Cool! I can't wait to see it lit.


----------



## PixelMagic (Aug 25, 2004)

Very cool. This is looking pretty neat.


----------



## Modeler1964 (Aug 13, 2006)

WOW! Just WOW Richard. :thumbsup: Well since this beauty is all but done, can we expect the K'Tinga to start? That is, since this one was so fun? LOL! You have to excuse me, I have been wanting a 1/350th K'Tina for a while now and followed one of your other threads when you started it before with great anticipation. If you did and had it ready at Wonderfest, I would be broke coming home! LOL! I would have to sleep in my travel trailer behind my home for some time. Just Kiddin'. Actually, the wife doesn't mind the hobby at all.
Again, supurb job on the Bird!


----------



## REL (Sep 30, 2005)

Thank you. I plan on eventually making all the ships in 1/350, but you "have to give me more time Captain!" 


The nacelles are finished.


----------



## Chuck_P.R. (Jun 8, 2003)

Nice!


----------



## Guest (Apr 7, 2007)

I think another model has just been added to the 'models to do before i die' list and if REL keeps going...well...i'll have to see if they do Paypal and 3 to 5 day delivery in the afterlife 

She's looking rather splendid !

Go easy


----------



## pagni (Mar 20, 1999)

Add me to the list of buyers...
This has always been a favorite of mine...
This looks awesome.


----------



## 747 (Oct 11, 2001)

Raytheon said:


> I think another model has just been added to the 'models to do before i die' list and if REL keeps going...well...i'll have to see if they do Paypal and 3 to 5 day delivery in the afterlife
> 
> She's looking rather splendid !
> 
> Go easy


That's one way to become immortal! "Sorry, can't check out just now, waiting for another REL masterpiece"


----------



## REL (Sep 30, 2005)

Thanks. The main body is being laid up now, I'll have a complete casting to show around Monday, in the mean time here's what the whole thing'll look like.


----------



## scifieric (May 9, 2005)

That is just gorgeous!


----------



## djharmon (Apr 3, 2004)

Put me on the list for one too please! Just tell me where to sent the check...


----------



## REL (Sep 30, 2005)

Here's the gun and nacelle end cap. The ship will be ready next week.


----------



## REL (Sep 30, 2005)

She's completely finished now, here's the last piece out of the mold. The main body will just be a top and bottom half, easy to assemble.


----------



## REL (Sep 30, 2005)

Complete kit. The mating surface between the top and bottom half has a small flat lip on each side, so there's plenty of glue area. The pieces aren't just as thick as the fiberglass so it will go together more like a styrene kit.


----------



## Nova Designs (Oct 10, 2000)

Man that looks awesome! So, who is working on decals? JT?


----------



## REL (Sep 30, 2005)

Thanks. Decals will be by PNT.


----------



## Lou Dalmaso (Jul 13, 2004)

So Richard,

the 64,000 dollar question is...When will you start accepting orders?

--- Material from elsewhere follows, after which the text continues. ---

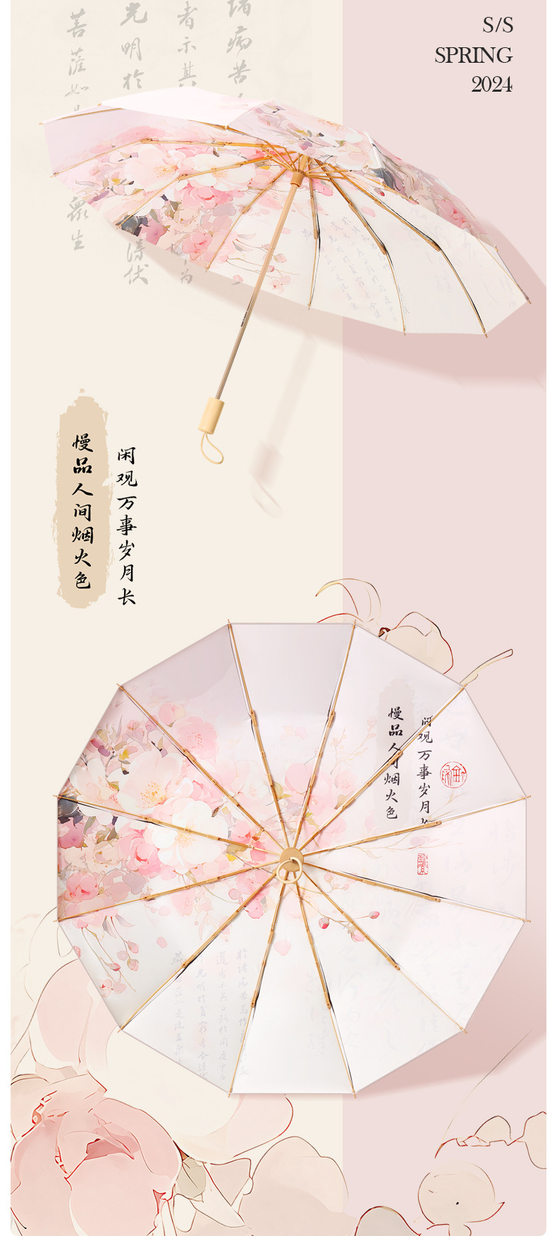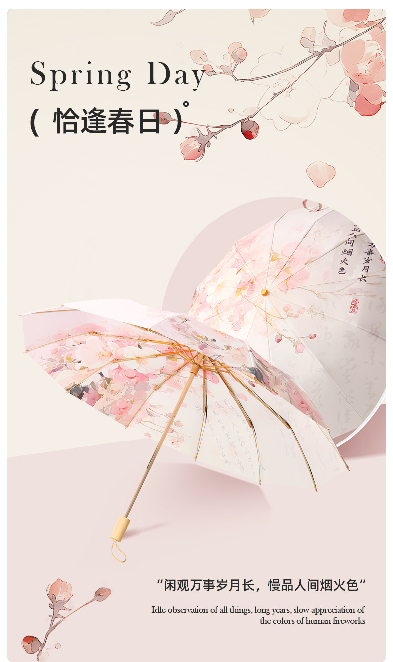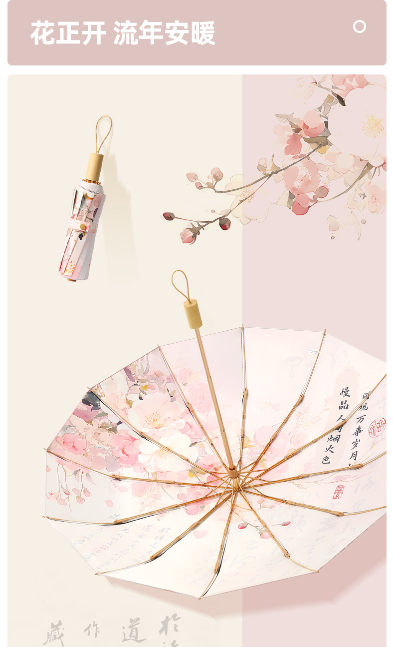 three fold hand open double layer 12 bone golden skeleton vinyl fabric yf gift bags -- pink yao chunye

I remember you saying that you didn't want to repeat the same procedures as you did with the E. Will you make up batches and then announce their availability or will you go back to accepting pre-orders?

Just want to know when you want my money

cheers,
Lou


----------



## CDR Tacket (Apr 2, 2007)

Lou Dalmaso said:


> So Richard,
> 
> the 64,000 dollar question is...When will you start accepting orders?
> 
> ...



Yes, we'd all like to know. Please.

Thanks,

Michael


----------



## REL (Sep 30, 2005)

The next batch of orders will be ready around the end of the month, I don't want to get behind like I did with the E.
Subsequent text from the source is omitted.